------ Provided material

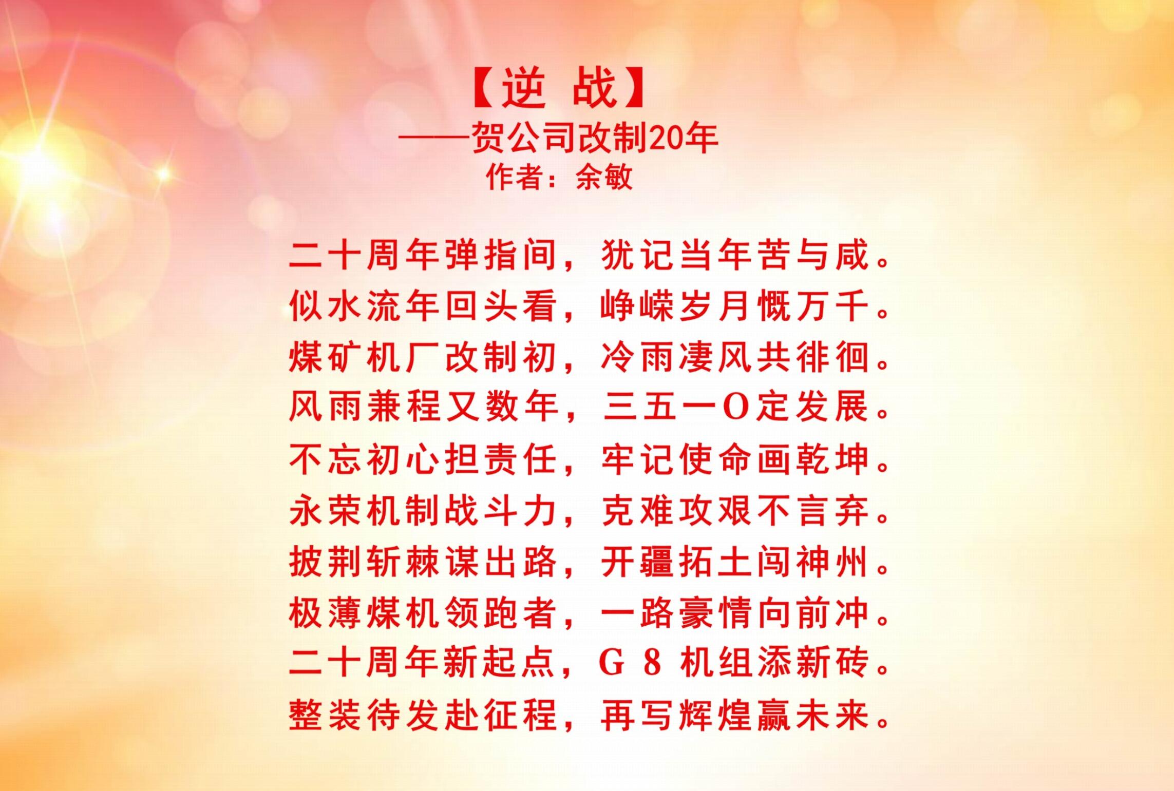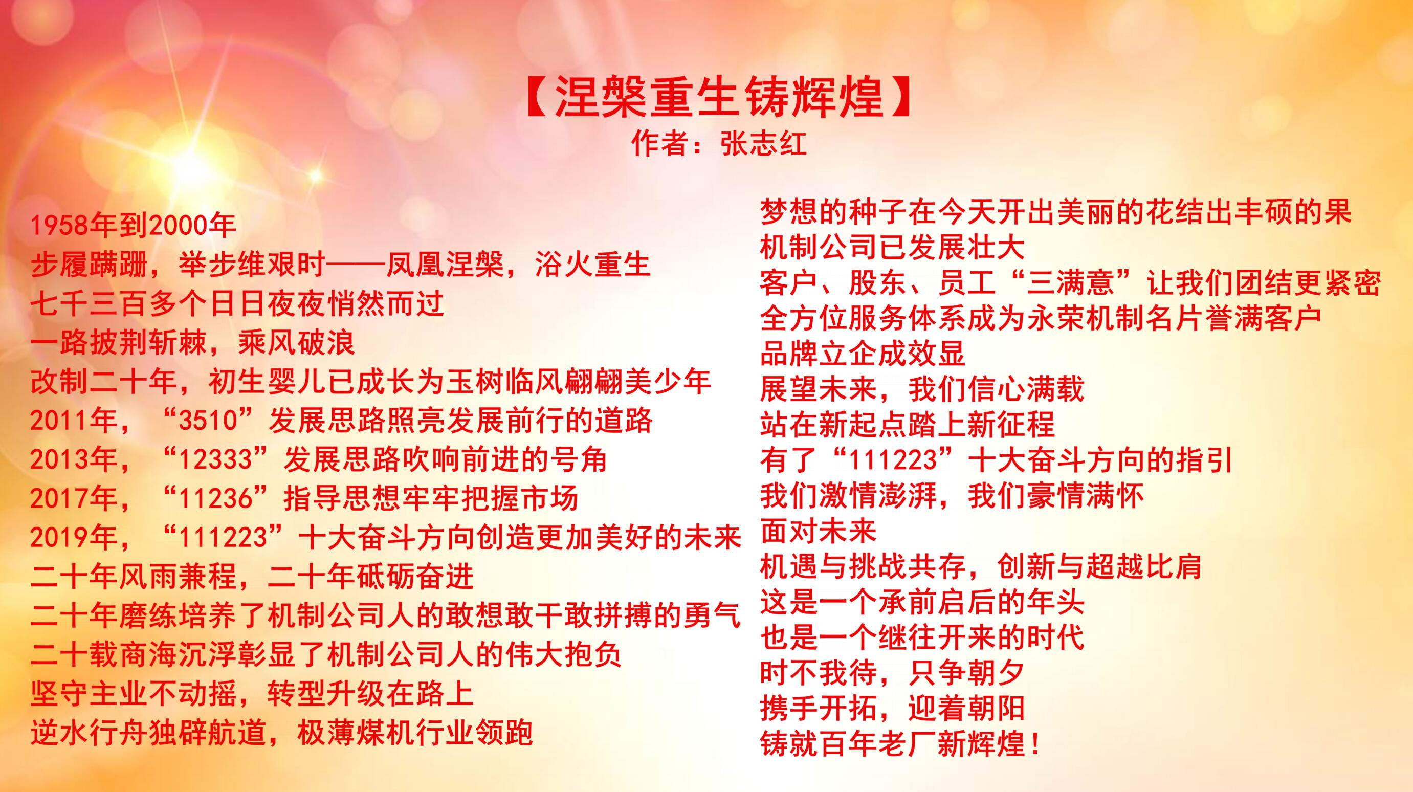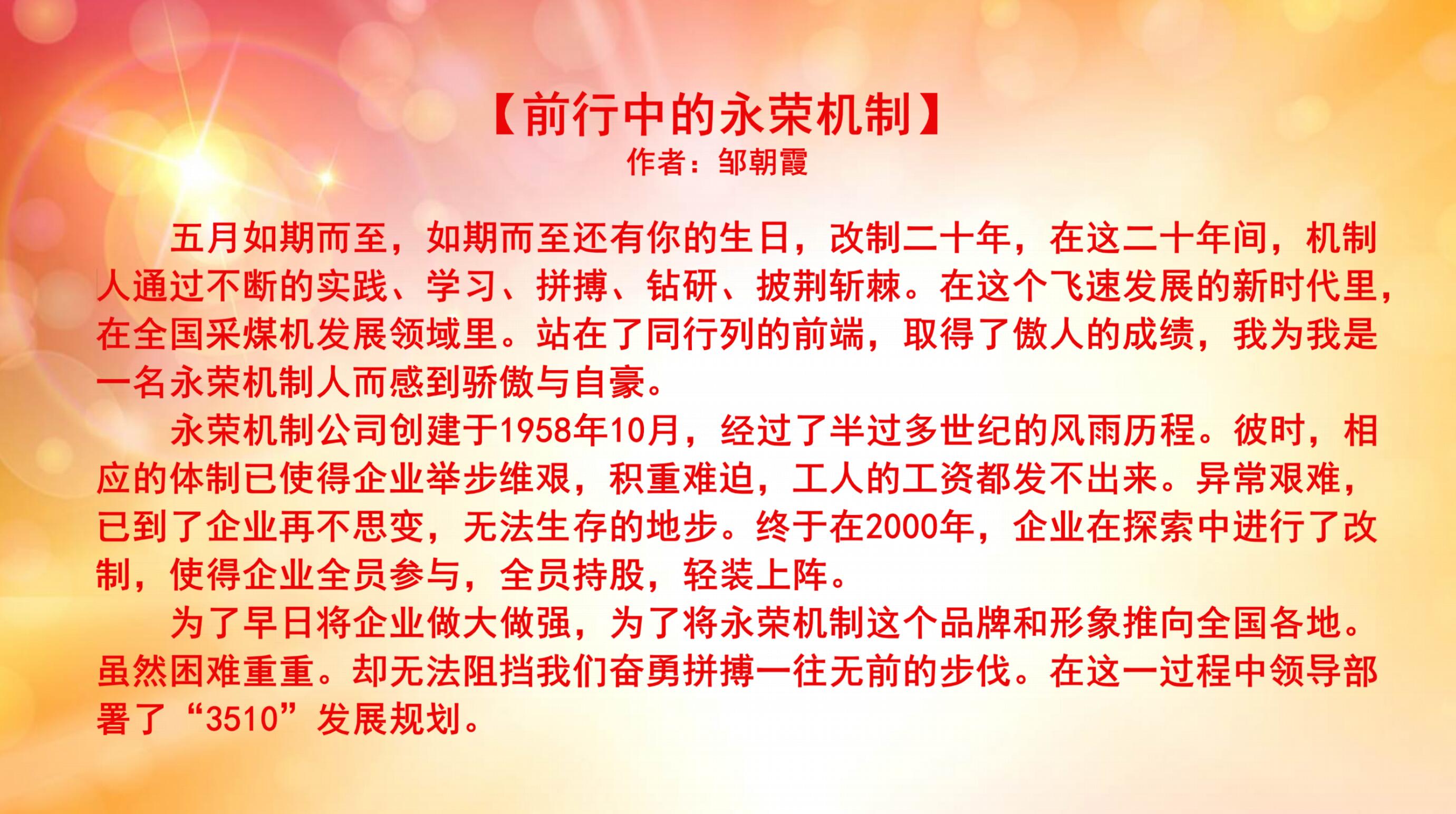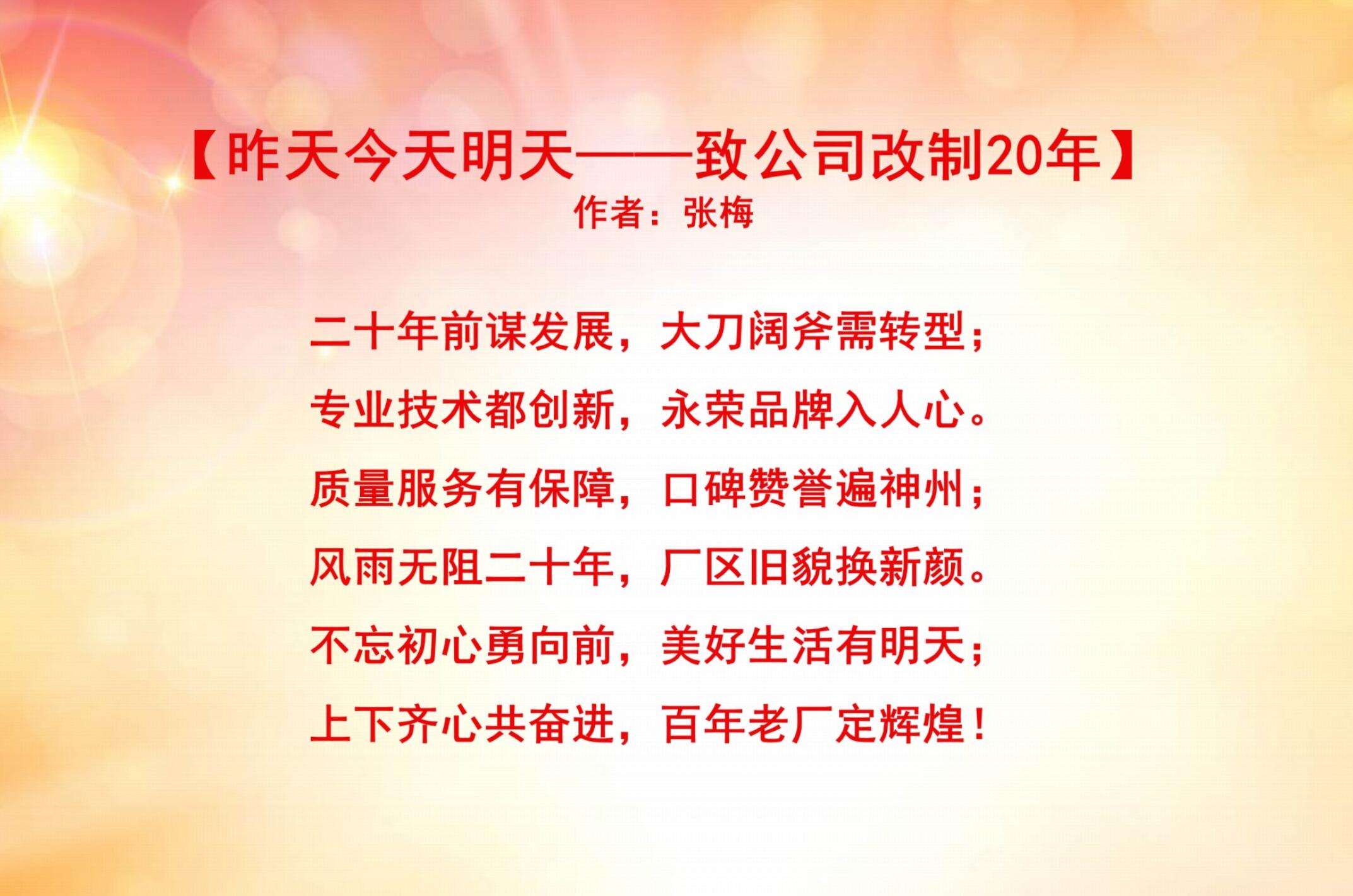 上一篇:慶祝永榮機(jī)制公司改制20周年優(yōu)秀文學(xué)作品展
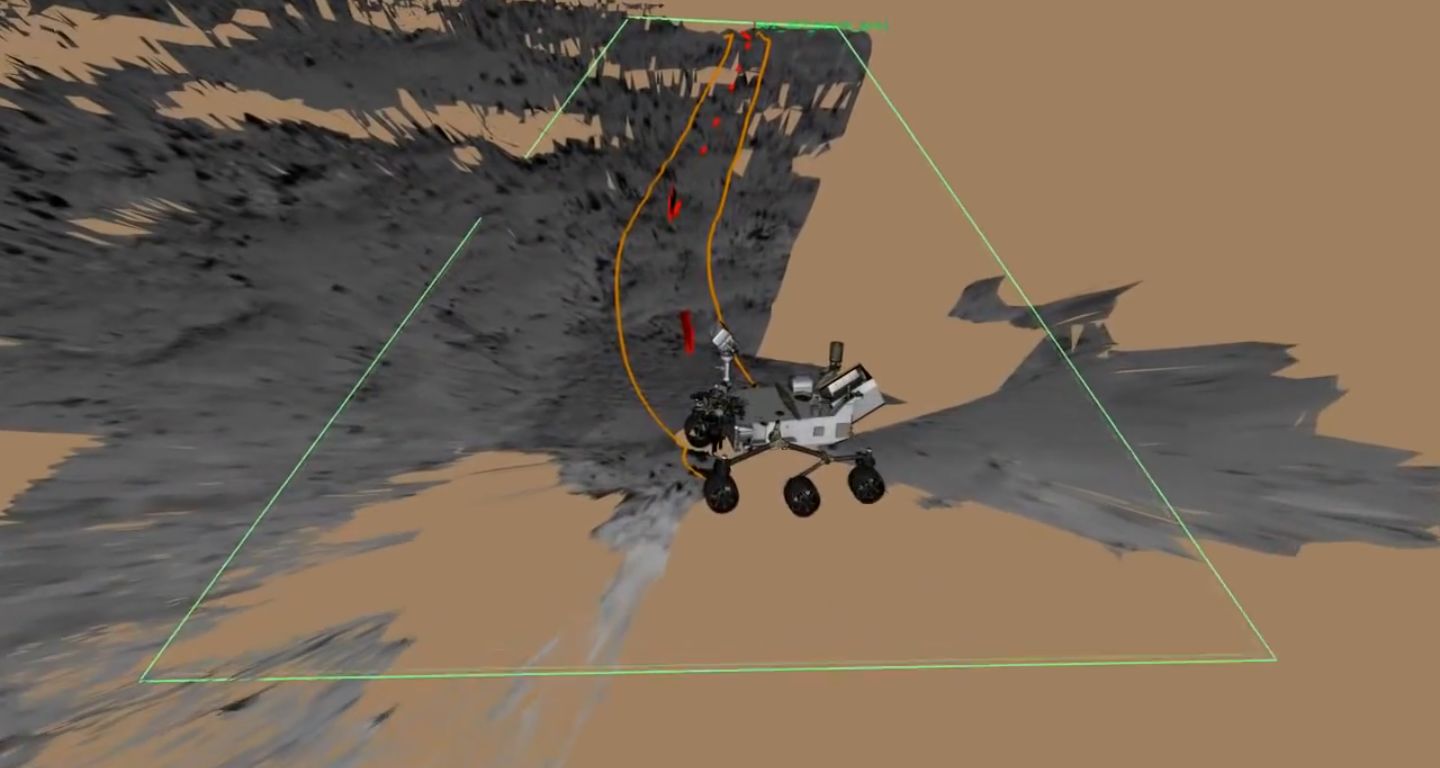 The new drive distance was set on Sol 340 (July 21st), and was made possible by the fact that the rover had previously arrived at a high point overlooking the route ahead, and so mission planners were able to use high-resolution images from the Mastcam and stereo images from the Navcams to plot the drive and note major obstacles. This was uploaded to the rover, which used its updated visual odometry software to ensure it correctly navigated around an area of concern to planners noted in the images.
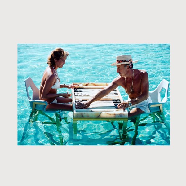 Lässig und glamourös zugleich: Der Jetset-Fotograf Slim Aarons porträtierte 1970 Carmen Alvarez und Frank 'Brandy' Brandstetter bei einer Partie Backgammon im Pool in Acapulco
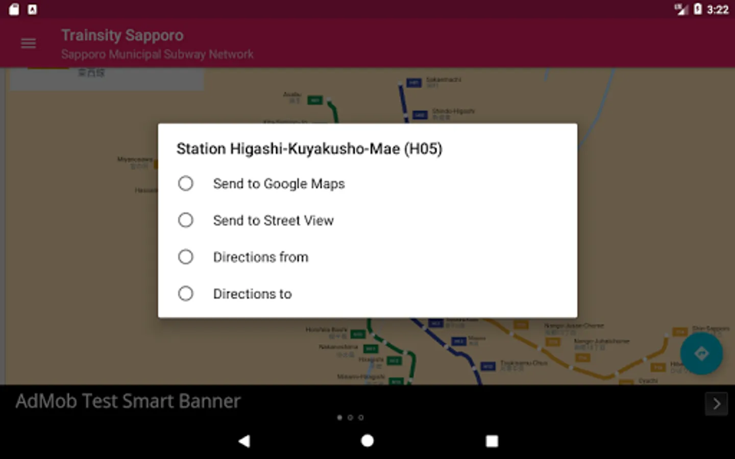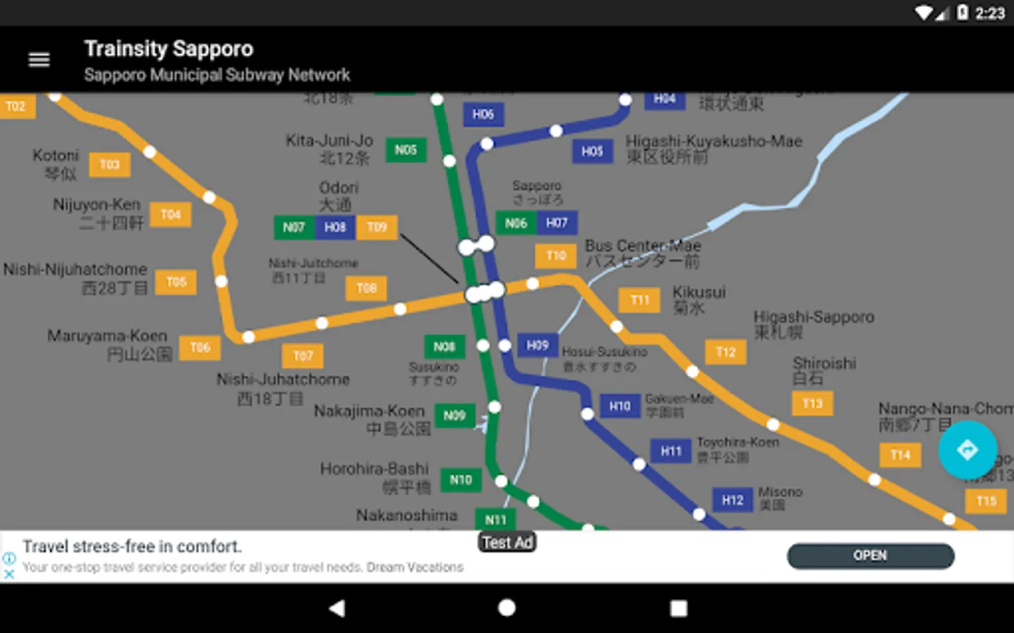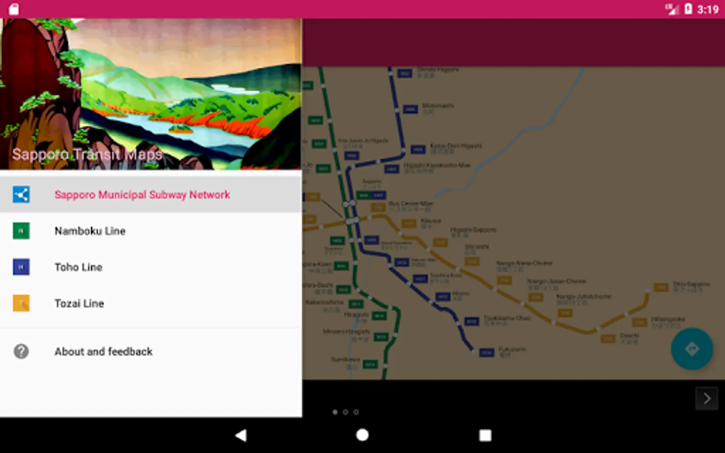 Find your way around Sapporo city's subway using the high resolution vector maps of the train network. The following metro rail lines are available: Namboku, Tozai, and Toho lines. The maps have small file size footprints but with many levels of zoom and can work offline without connecting to the Internet. Users can click the train station box labels to open Google Maps or Google StreetView, where they can use all the functions of the Google apps to visualize the surrounding area and/or perform routing for directions. There is also an offline function to calculate the best way to travel from a station to another station with a direction breakdown and timings (which may vary from the actual travelling time).

------------

Exercise details:
Without the pictures, print the whole listing exactly as given.

Output for this exercise:
 上一篇:慶祝永榮機(jī)制公司改制20周年優(yōu)秀文學(xué)作品展
 The new drive distance was set on Sol 340 (July 21st), and was made possible by the fact that the rover had previously arrived at a high point overlooking the route ahead, and so mission planners were able to use high-resolution images from the Mastcam and stereo images from the Navcams to plot the drive and note major obstacles. This was uploaded to the rover, which used its updated visual odometry software to ensure it correctly navigated around an area of concern to planners noted in the images.
 Lässig und glamourös zugleich: Der Jetset-Fotograf Slim Aarons porträtierte 1970 Carmen Alvarez und Frank 'Brandy' Brandstetter bei einer Partie Backgammon im Pool in Acapulco
 Find your way around Sapporo city's subway using the high resolution vector maps of the train network. The following metro rail lines are available: Namboku, Tozai, and Toho lines. The maps have small file size footprints but with many levels of zoom and can work offline without connecting to the Internet. Users can click the train station box labels to open Google Maps or Google StreetView, where they can use all the functions of the Google apps to visualize the surrounding area and/or perform routing for directions. There is also an offline function to calculate the best way to travel from a station to another station with a direction breakdown and timings (which may vary from the actual travelling time).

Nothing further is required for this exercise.